Large segments of the US population lack staying power and are looking for the easy way out.

When my family moved to this country when I was 14, although we were not without some means we were starting out all over again. We left where we were with the minimum of goods, the money we were allowed to take out of there, sorry to go but knowing it had become a hostile place with a limited future and happy to come to the US. I had always wanted to move to this country and for me the goal was to make the best out of my life in the way of education, achieving by work and effort. My hopes were for a happy, comfortable life with the ability to obtain things I wanted. That didn't necessarily include having a big house, a luxury car or expensive fashionable clothes, although I did like and want nice things. It also didn't matter to me if that was the goal of others, as long as it didn't trample on me or anyone else in our goals.

That is where in the late eighties and early nineties my values and goals started to really clash with many natural born Americans.  It was not only that they seemed to want more and more big and flashier things. It was that I was seeing how a mentality of entitlement was insidiously creeping into the culture of a large segment of the population. Additionally they didn't care how they got it or what harm they may be causing to everything from values to economics, to society or to the environment. It was their right to have more stuff and bigger things without any regard to how they got it or if they had worked for it. It came to be a dominant theme in the social conduct of America, turning having more than you earn a virtue instead of a vice.

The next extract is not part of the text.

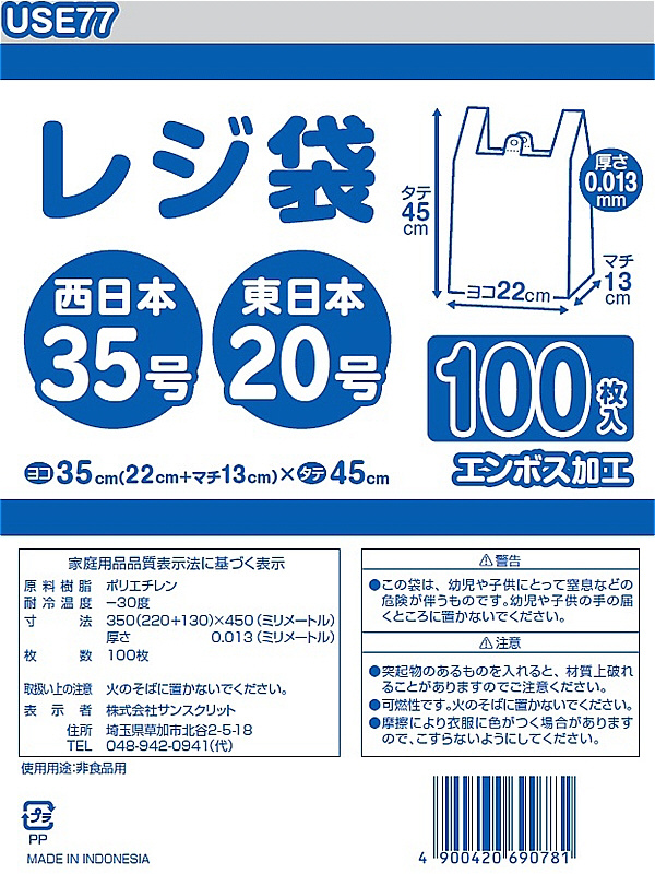 | 商品名 | USE77レジ袋100枚 USE77 |

On account of where I live, the work I do and the sheer numbers of people I am exposed to, I am well aware of a lot of people whose lives were built on this type of entitlement consumerism and are crashing and burning. I take no pleasure in it but I have no empathy for the whining and crying of the disappointment these people feel. As far as I'm concerned their anger is misplaced about losing their "right" to conspicuous consumption and misdirected in the wrong trajectory. They should be redirecting it to themselves and placing the blame on their own shoulders. I see trouble ahead for society from these people.

We are already getting the signals from unhappy adults with childlike cries for their rattles back. They're expecting the government and other citizens to bail them out to continue their "right" to a lifestyle they didn't truly earn and those that whine "you promised us." Wisconsin is just a small sampler of the backfire from that camp that is on its way to pitching tents of fits all over the country. On the other side there are those fed up with subsidizing the life of others, especially since most of them have weathered this economic storm without much assistance from the government, unions or social services agencies. My bet is on them, they're even angrier and are beginning to marshal their troops to repudiate both the entrenched political class and arming to counter-demonstrate against the entitlement hordes. It's a matter of time.

This is where I also see the worth in the values I inherited, the parenting I received and learning from the mistakes I made with money, relationships and employment. There is a price when you take the effortless way out by accepting easy money, ditching relationships at the drop of a hat without resolving personal problems, for taking easy jobs that pay too well for really doing very little. There are no rights except those outlined in the US Constitution and I find nothing in that document that addresses the desire to have goodies is a right or to live off public money. There is no "we promised you" clause or mention of an implied contract that you would get what you want.

There is a storm gathering that is going to blow out and wash down everything and everyone that does not have the wherewithal to hold on tightly. Endurance and stamina will be required as well as the knowledge of what you really need and that you don't always get what you want.